I have a small scrapy extension which looks into the stats object of a crawler and sends me an email if the crawler has thrown log messages of a certain type (e.g. WARNING, CRITICAL, ERROR).

These stats are accessible by the spiders stats object (crawler.stats.get_stats()), e.g.:

crawler.stats.get_stats().items()
 [..]
 'log_count/DEBUG': 9,
 'log_count/ERROR': 2,
 'log_count/INFO': 4,
 [..]

If I run the spider on scrapinghub, the log stats are not there. There are a lot of other thins (e.g. exception count, etc..) but the log count is missing. Does someone know how to get them there or how to access them on scraping hub?

I've also checked the "Dumping Scrapy stats" values after a spider closes. If I run it on my machine the log count is there, If I run it on scrapinghub the log count is missing.


Solution

  • This might also help someone else. I wrote a small plugin to collect the log stats and save them in the stats dict with a own prefix.

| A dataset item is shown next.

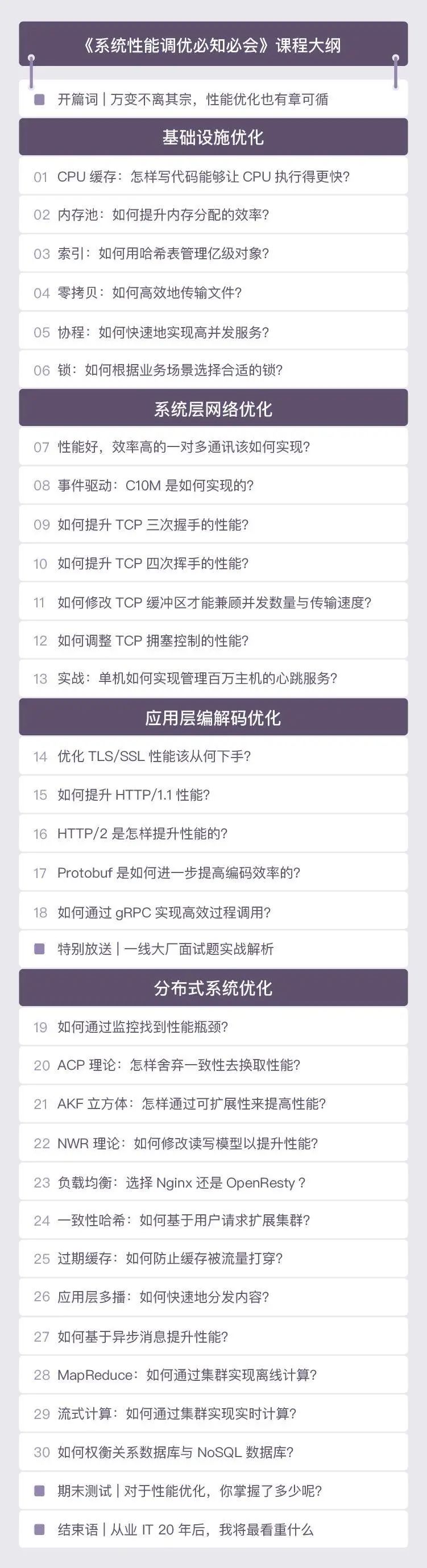 而在这个专栏中,陶辉站在分布式系统的角度,总结了一张以性能为核心的后端技能图谱,详细讲解了全面提升复杂集群性能的方法,和系统性能调优的多种对应策略,都是工作、面试中用得上的、实打实的硬货。

    to activate it, save it to a file (eg. loggerstats.py) and activate it as an extension in your crawlers settings.py:

    EXTENSIONS = {
        'loggerstats.LoggerStats': 10,
    }
    

    the script:

    from scrapy import log
    from scrapy.log import level_names
    from twisted.python import log as txlog
    
    
    class LoggerStats(object):
    
        def __init__(self, crawler, prefix='stats_', level=log.INFO):
            self.level = level
            self.crawler = crawler
            self.prefix = prefix
            txlog.startLoggingWithObserver(self.emit, setStdout=False)
    
        @classmethod
        def from_crawler(cls, crawler):
            o = cls(crawler)
            return o
    
        def emit(self, ev):
            level = ev.get('logLevel')
            if level >= self.level:
                sname = '%slog_count/%s' % (self.prefix, level_names.get(level, level))
                self.crawler.stats.inc_value(sname)
    

    It will then count the logs and maintain the count in the crawler stats. For example:

    stats_log_count/INFO: 10
    stats_log_count/WARNING: 1
    stats_log_count/CRITICAL: 5